Munnar Divisional Forestry Officer Raju Francis said the forestry department will soon repair the solar fences hanging in the area.
“I will submit a report in this regard to the Chief Wildlife Warden based on Varma’s recommendation,” he said.
Solar fences have thick steel wires suspended in a row from a thick horizontal overhead wire supported by two iron posts at each end. The wires will be connected to solar power systems or other low power sources where there is a significant canopy. The wires hang like a curtain, which will deter jumbos from entering human habitations, but allow small wild animals to pass underneath.
Forest department officials said the wild elephants were destroying normal solar fences and entering human dwellings. “We hope the overhead solar fence will be helpful in preventing them from entering human habitations,” a forestry official said.
“The suspended fence will be fixed on the premises of the houses in Panthadikkalam and an area of ​​80 acres in Chinnakkana. The cost of fixing a normal fence is Rs 1.5 lakh per km, while the hanging fence is Rs 6.5 lakh per km. The forest department plans to fence nearly 20km to control the entry of wild elephants into the area,” a forestry official said.
According to Forest Department sources, implementing Varma’s recommendations will take at least a year to a year and a half. “We can’t wait that long and have decided to put up hanging fences first,” an official said.
Officials said the encampment of elephants in the area not only poses a threat to humans but also to elephants. “During the period 2004-05, there were 40 elephants in the Chinnakkana region. Over the years, the number of elephants in the region has decreased and it is now only 24. Elephants in the region do not receive proper nutritious food, which affects their reproductive power. In the absence of proper nutritious food, the tusks become less interested in mating and roam the area. The number of new calves in the area has also dropped significantly,” a Forest Department source said.
According to sources, more than 41 people have lost their lives in wild elephant attacks in Munnar wildlife division since 2010.
The district secretary of the Society for the Prevention of Cruelty to Animals, MN Jayachandran, said the government had allocated human settlements in Chinnakkanal without proper study. “When the government issued settlements in the area, it affected the smooth movement of elephants, resulting in human-animal conflict.

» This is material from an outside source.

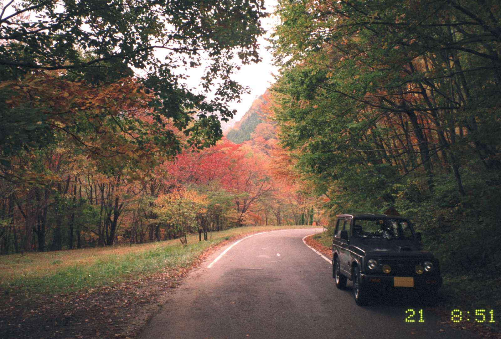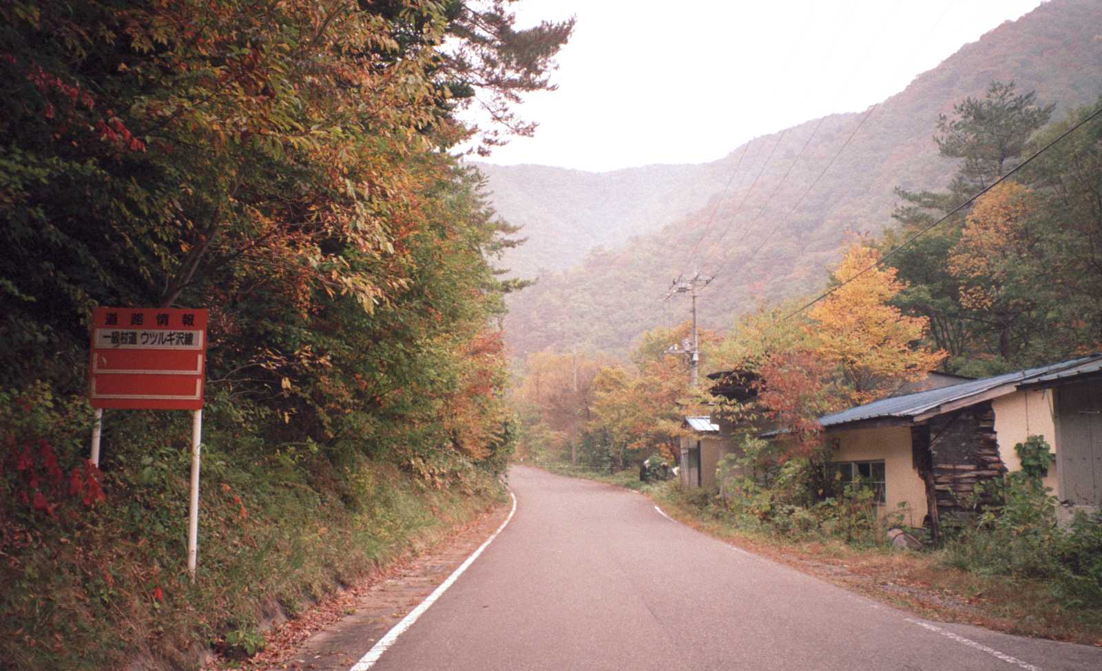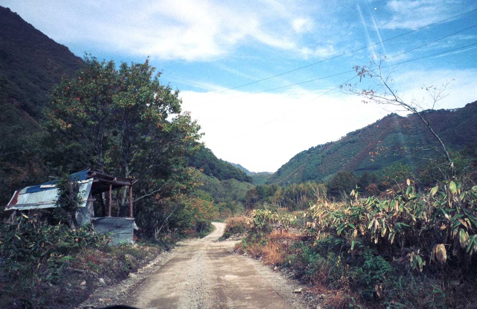 峠から舘岩村側に下る道 (撮影 2001.10.21) |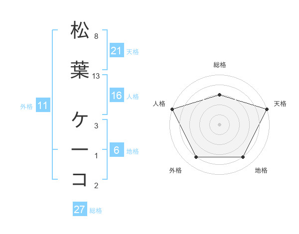 松葉 ケーコさんを姓名の画数から五運を鑑定

Now people and elephants are the victims of the government’s wrong decision,” Jayachandran said.
Munnar’s former MPO, Prekrithi Sreevastava, had submitted a report to the state government in 2002-2003 which stressed that the government should not allow settlements in and around the Anayirankal Dam areas. But the AK Antony government ignored the report and allowed settlements in 301 settlements in Sinkukandam and Chempakathamkudy areas.